Мифриловый крест
Шрифт:
– А кто же я?
– Могущественная волшебница. Как думаешь, бывший враг, она пройдет последнее испытание?
Бомж пожал плечами.
– Сейчас - не знаю, лучше бы подождать годик-другой. А ты уверена, что я твой бывший враг?
– Поживем - увидим, - ответила Головастик и добавила, - давайте выпьем, что ли. Примирение надо обмыть.
Примирение было обмыто, но большой и веселой пьянки не получилось. Бомж и Головастик почти не пили, справедливо опасаясь провокаций со стороны друг друга, а мы с Леной совсем не пили, потому что были заняты моим исцелением. На этот раз исцеление проводилось по всем правилам
А когда все закончилось, ни у меня, ни у Лены не осталось сил ни на что, кроме как повалиться в постель и уснуть. Этой ночью мы спали вместе, но не потому, что хотели заняться сексом, а потому, что ни у кого из нас не было ни сил, ни желания провести ночь в кресле.
15.
Я проснулся от случайного тычка в бок. Я понял, что он случайный, потому что Лена не проснулась, она просто перевернулась на другой бок и уткнулась носиком в подушку, тихонько посапывая. Умаялась, бедная.
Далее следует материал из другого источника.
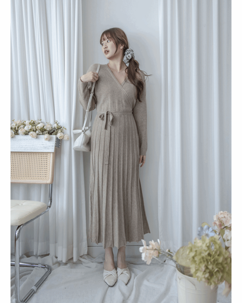 Korea Wrap Dress 疊V領立體線條針織裙擺彈性連身裙/ DS1049
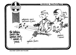 In both his proposal paper from 1979 and in his final, more polished First Earth Battalion Field Manual (completed in 1982), Channon visualizes a soldier who has given up obedience and allegiance to a flag or country, and instead defends the entire Earth. The deep ecological roots of Channon’s proposed soldier are seen in his “Earth Prayer” and the proposal for a nuclear “Conscience Corps” of military families camped outside nuclear missile installations worldwide. Channon envisioned the Battalion as a strike team that could deploy to respond to ecological disaster and live off the land sustainably. His warrior-monks would use the aforementioned methods of biofeedback, meditation, and positive visualization to become physically superior to the ordinary run of soldier. But there was also no fear of modern technology in Channon’s dream battalion. The growing web of worldwide telecommunications and mass media play an essential role in Channon’s envisioning of a First Earth Battalion “battle scenario,” in which people worldwide would see the good works of the kinder, gentler army on their TV screens and react with love and support. Channon’s 1979 job list includes “video technoids,” “cinematographers,” and “satellite technoids.”
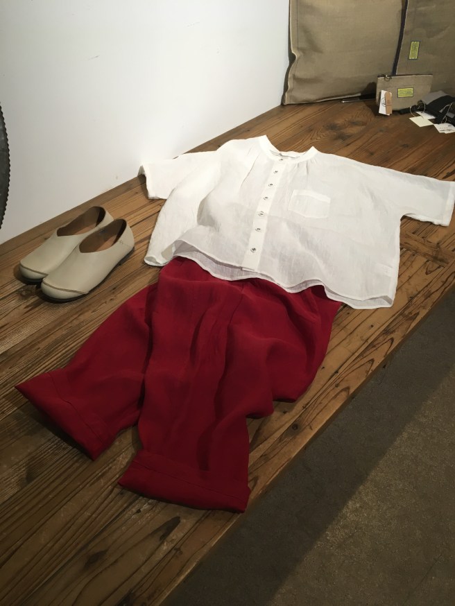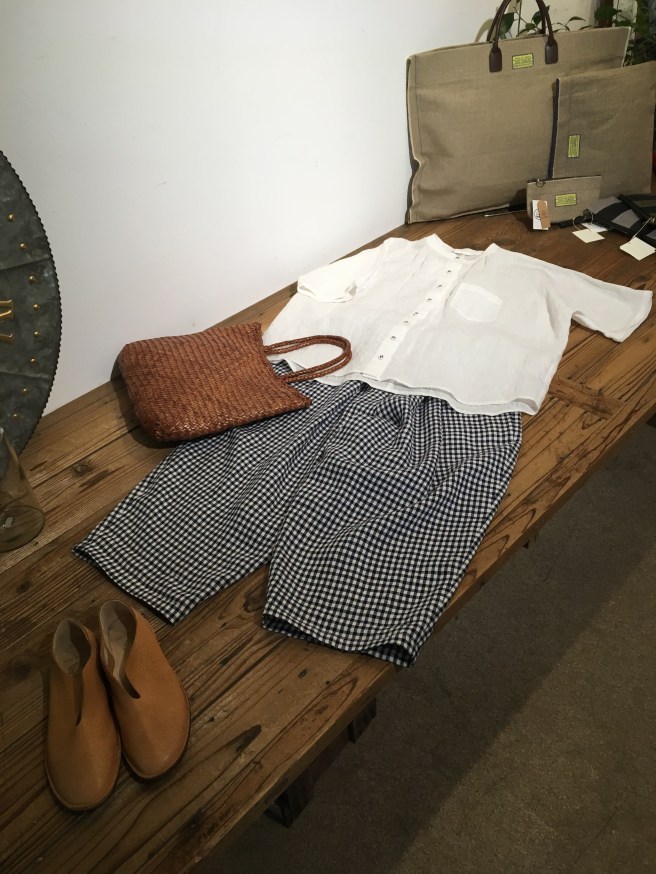 オリジナルの藍染ノースリーブと白のパンツで。
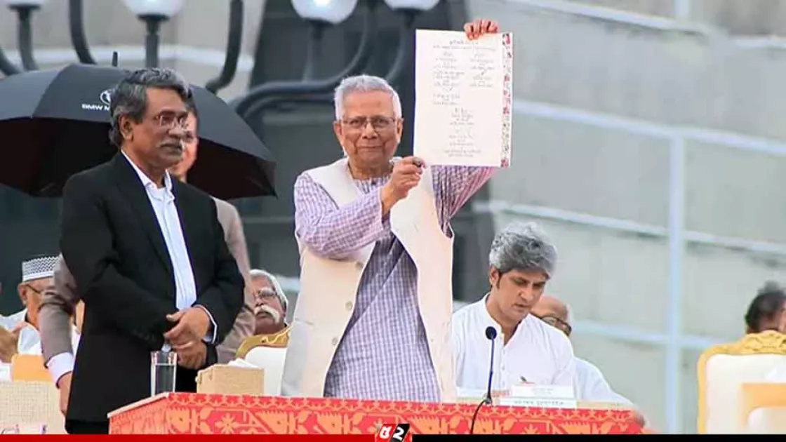 সবার শেষে স্বাক্ষর করেন অন্তর্বর্তী সরকারের প্রধান উপদেষ্টা ড. মুহাম্মদ ইউনূস।পরে তিনি স্বাক্ষরপত্রটি দেশবাসীর উদ্দেশ্যে উচু করে তুলে ধরেন।
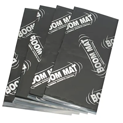 Peel and stick vibration reduction material Quickly improving speaker sound and performance by reducing vibrations and improving acoustics Includes four sheets of 6" x 12.5" (2.1 sq. ft.) Boom Mat Damping Material Simply remove the speaker, apply Boom Mat on metal mounting surface and re-install speaker
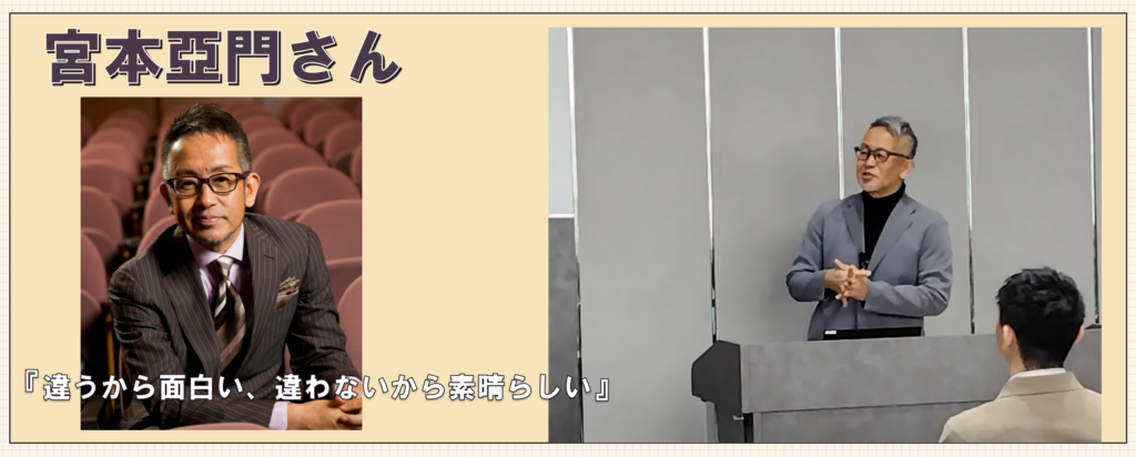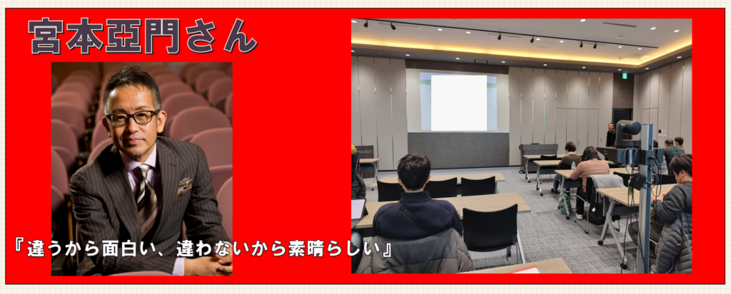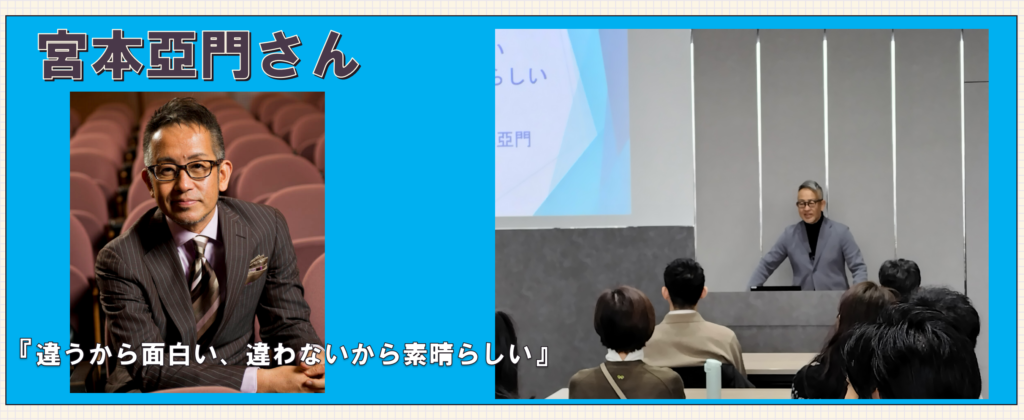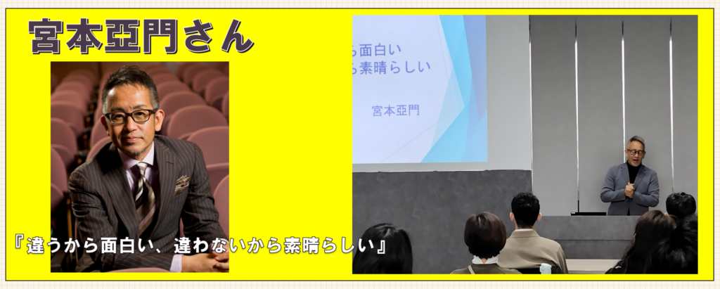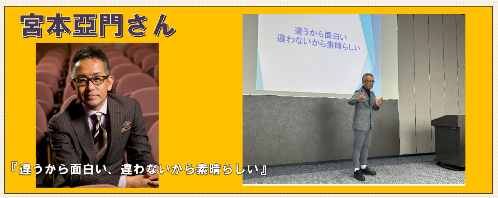 『違うから面白い、違わないから素晴らしい』と題して、宮本亞門さんが演出家として経験されてきたことはもちろんのこと、彼自身の半生と創作の現場で培った“人と向き合う力”を軸に、ご自身の壮絶な?人生経験を通じて、「多様性」「組織の構築」や「チームワーク」をテーマ にご講演いただきました。
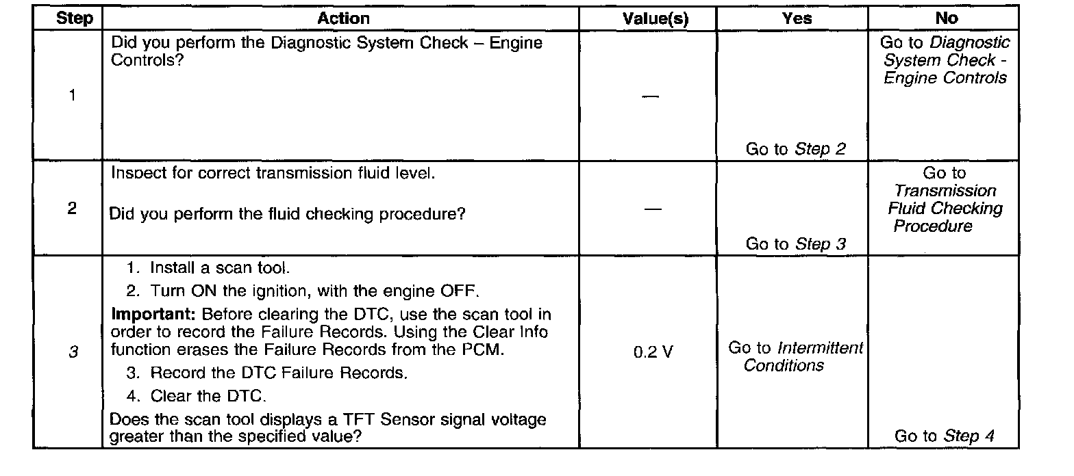 1. If any ECT DTCs P0117 or P0118 are set, then the default TFT is equal to 135°C (275°F).
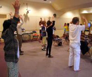 下午学员们在市中心的公共图书馆举办了教功讲座,人们踊跃参加,学习了五套功法并了解了在中国发生的迫害
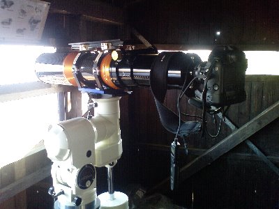 Bei diesem Refraktor handelt es sich um einen vom A&M gefertigten Carbontubus mit 3,5“ Starlight-Okularauszug. Die gesamte mechanik ist auf Stabilität getrimmt, was der Astrophotograph zu schätzen weiss, da sich hier wirklich nichts verbiegen kann. Dementsprechend schwer ist der Tubus: 9 kg plus weitere 2 kg für Rohrschellen und Montageplatte. Damit ist jedes Fotoistativ und auch viele kleinere astronomische Montierungen überfordert. Um wirklich kein Risiko einzugehen den wertvollen Refraktor zu beschädigen kam deshalb nur die Montage auf der dafür vorgesehenen astronomischen Montierung samt Dreibein in Frage: eine Vixen New Atlux plus Baader Hartholzstativ, eine Kombination die astrophototechnisch als ausgewogen bezeichnet werden kann. Gesamtgewicht des Unterbaus inklusive des notwendigen 7 kg schweren Gegengewichtes: ca. 40 kg.......
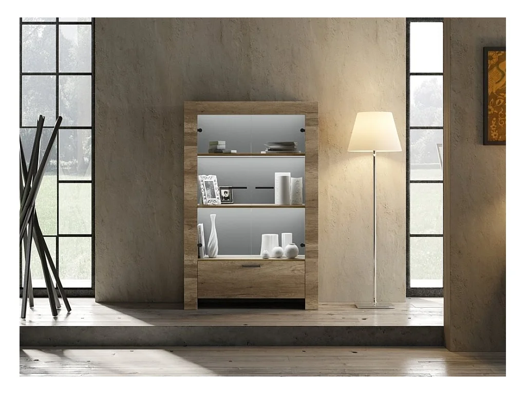 Vitrine 1 porte 1 tiroir en bois marron et anthracite avec des pieds acier noir Kalieto 120cm
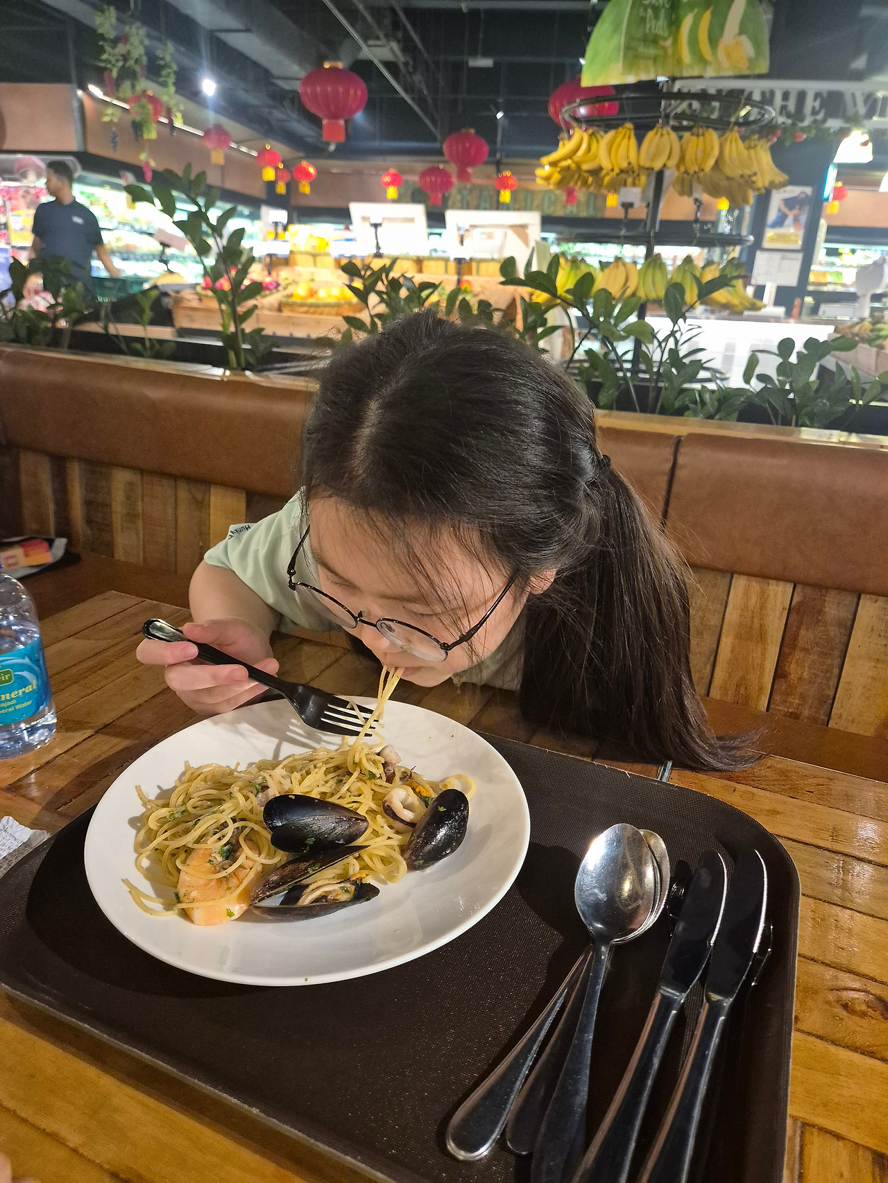 여섯 시가 되어 놀이공원 밖으로 나오니 엄마가 손을 흔들었다. 근처에 빅마트가 보여 자연스럽게 장을 보러 들어갔다. 어제 아울렛에서 가격에 한번 놀란 덕분인지, 마트에서는 이 정도면 저렴하다는 생각이 들었다. 아이의 초콜릿과 과자 몇 개, 시리얼, 아침에 먹을 빵과 잼, 작은 식용유와 우유, 어린이용 치약까지 챙겼다. 우리 돈으로 약 6만원. 제법 넉넉한 장바구니였다.

Я прислушался к своим ощущениям. Вроде все нормально, я снова жив и здоров, ребра немного болят, но это нормально, они будут болеть еще недели две, такие раны не стоит заживлять быстрее, это я уже хорошо усвоил.
Я посмотрел на спящую Лену и мою душу наполнил прилив нежности. Кажется, она ощутила эти эмоции, потому что на ее лице появилась нежная и ласковая улыбка. Я прикоснулся к ее душе и понял, что она видит эротический сон с моим участием. Это хороший признак, может, у нас что-нибудь и получится в дальнейшем. Было бы неплохо провести остаток жизни вместе с ней, даже перспектива православной тещи почему-то больше меня не пугает. А ведь жизнь нам предстоит очень и очень долгая, если, конечно, в мире не появится еще один желающий обрести абсолютное всемогущество. Будем надеяться, что он появится нескоро.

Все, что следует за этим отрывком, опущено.